Polichinelle, pour jouer ces charmantes comédies que nos pauvres bons parens avoient la patience de voir et d'entendre. Mais mon oncle Bernard ayant un jour lu dans la famille un très-beau sermon de sa façon, nous quittames les comédies, et nous nous mîmes à composer des sermons. Ces détails ne sont pas fort intéressans, je l'avoue; mais ils montrent à quel point il falloit que notre première éducation eût été bien dirigée pour que, maîtres presque de notre temps et de nous dans un âge si tendre, nous fussions si peu tentés d'en abuser. Nous avions si peu besoin de nous faire des camarades, que nous en négligions même l'occasion. Quand nous allions nous promener, nous regardions en passant leurs jeux sans convoitise, sans songer même à y prendre part. L'amitié remplissoit si bien nos cœurs, qu'il nous suffisoit d'être ensemble pour que les plus simples goûts fissent nos délices.

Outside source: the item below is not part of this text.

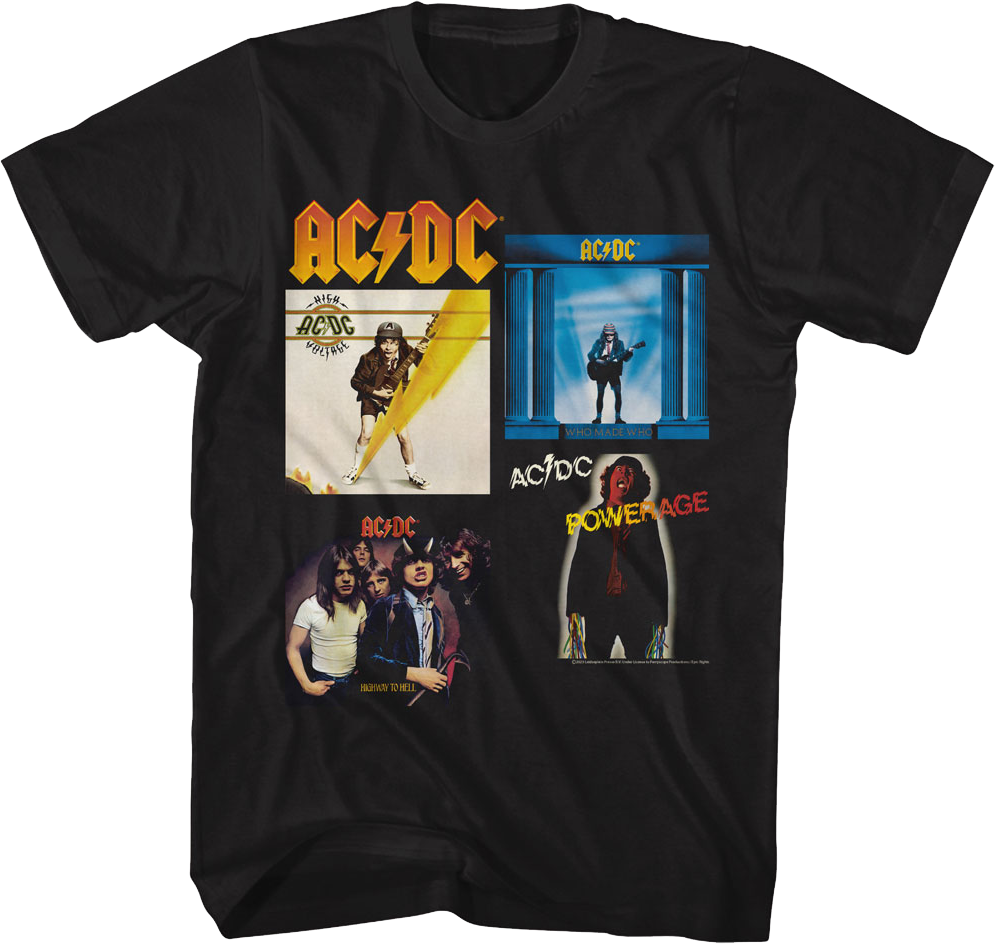 This AC/DC shirt shows the cover artwork for four of the band's most popular albums. These albums include High Voltage (features "It's A Long Way To The Top (If You Wanna Rock 'N' Roll)", "T.N.T." and "Live Wire"); Who Made Who (features "Chase The Ace", "Who Made Who" and "D.T."); Highway To Hell (features "Touch Too Much", "Night Prowler" and "Get It Hot"); Powerage (featuring "Rock 'N' Roll Damnation", "Riff Raff" and "Down Payment Blues").

A force de nous voir inséparables, on y prit garde; d'autant plus que mon cousin étant très-grand et moi très-petit, cela faisoit un couple assez plaisamment assorti. Sa longue figure effilée, son petit visage de pomme cuite, son air mou, sa démarche nonchalante, excitoient les enfans à se moquer de lui. Dans le patois du pays on lui donna le surnom de Barna Bredanna, et sitôt que nous sortions, nous n'entendions que Barna Bredanna tout autour de nous. Il enduroit cela plus tranquillement que moi. Je me fâchai, je voulus me battre; c'étoit ce que les petits coquins demandoient. Je battis, je fus battu. Mon pauvre cousin me soutenoit de son mieux; mais il étoit foible: d'un coup de poing on le renversoit. Alors je devenois furieux. Cependant, quoique j'attrapasse force horions, ce n'étoit pas à moi qu'on en vouloit, c'étoit à Barna Bredanna: mais j'augmentai tellement le mal par ma mutine colère, que nous n'osions plus sortir qu'aux heures où l'on étoit en classe, de peur d'être hués et suivis par les écoliers.

Me voilà déjà redresseur des torts. Pour être un paladin dans les formes, il ne me manquoit que d'avoir une dame; j'en eus deux. J'allois de temps en temps voir mon père à Nyon, petite ville du pays de Vaud, où il s'étoit établi.